*What you should do*:
Retype the data below exactly, skipping pictures.

*Supplied material*:
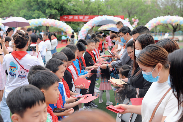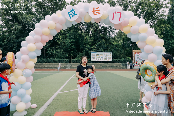 同唱红歌,交换书信,用手印画出爱心树。家长们带着孩子跨过十岁成长之门,合影留念,意味着孩子们将从童年走向少年,走向一个不一样的人生阶段。
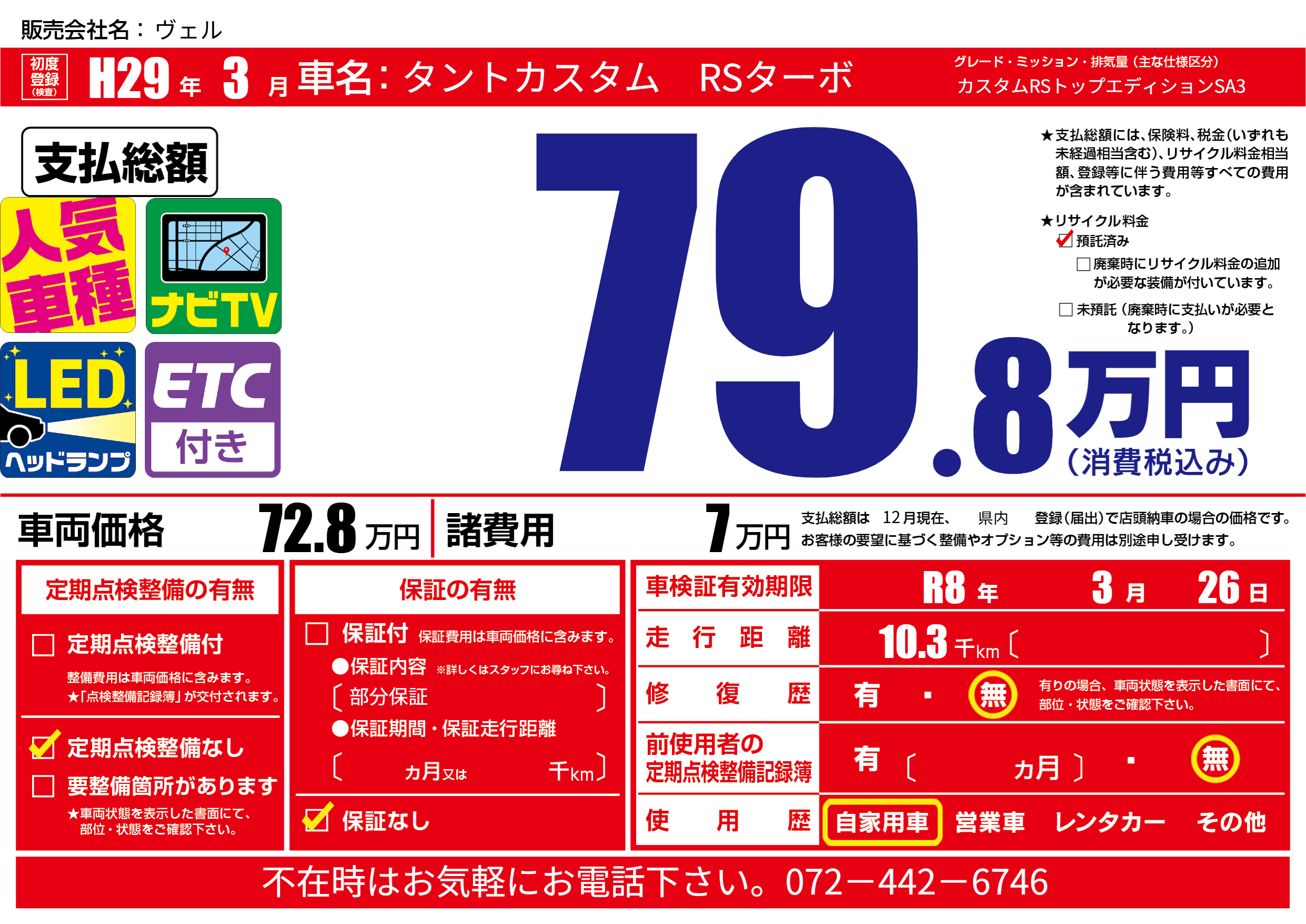 | 車名 | タントカスタム RSターボ | グレード ミッション 排気量 |
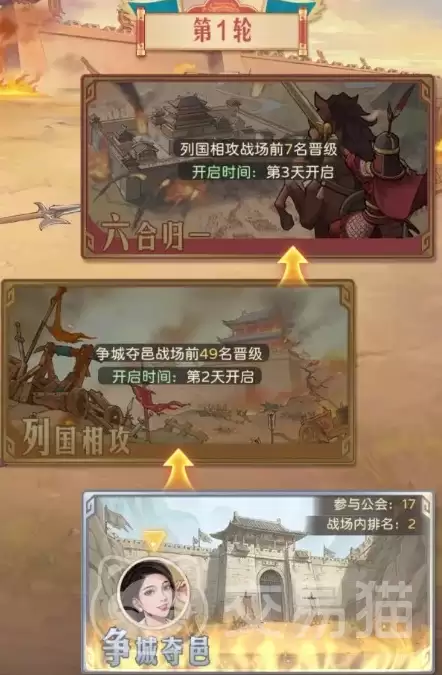 当然,没获得参赛资格的玩家也不会完全闲着,可以参与阵营竞猜这类外围互动玩法。每次活动开启前,系统会指定当日的出战职业类型,对应角色的总属性会按比例转化为战场基础战力。战场设有三级进阶体系,从低到高分别是:争城夺邑(初始级)、列国相攻(中级)、六合归一(高级)。所有公会都从“争城夺邑”起步,后续能否晋级,就看实时积分和综合表现了。

*The answer*:
 同唱红歌,交换书信,用手印画出爱心树。家长们带着孩子跨过十岁成长之门,合影留念,意味着孩子们将从童年走向少年,走向一个不一样的人生阶段。
 | 車名 | タントカスタム RSターボ | グレード ミッション 排気量 |
 当然,没获得参赛资格的玩家也不会完全闲着,可以参与阵营竞猜这类外围互动玩法。每次活动开启前,系统会指定当日的出战职业类型,对应角色的总属性会按比例转化为战场基础战力。战场设有三级进阶体系,从低到高分别是:争城夺邑(初始级)、列国相攻(中级)、六合归一(高级)。所有公会都从“争城夺邑”起步,后续能否晋级,就看实时积分和综合表现了。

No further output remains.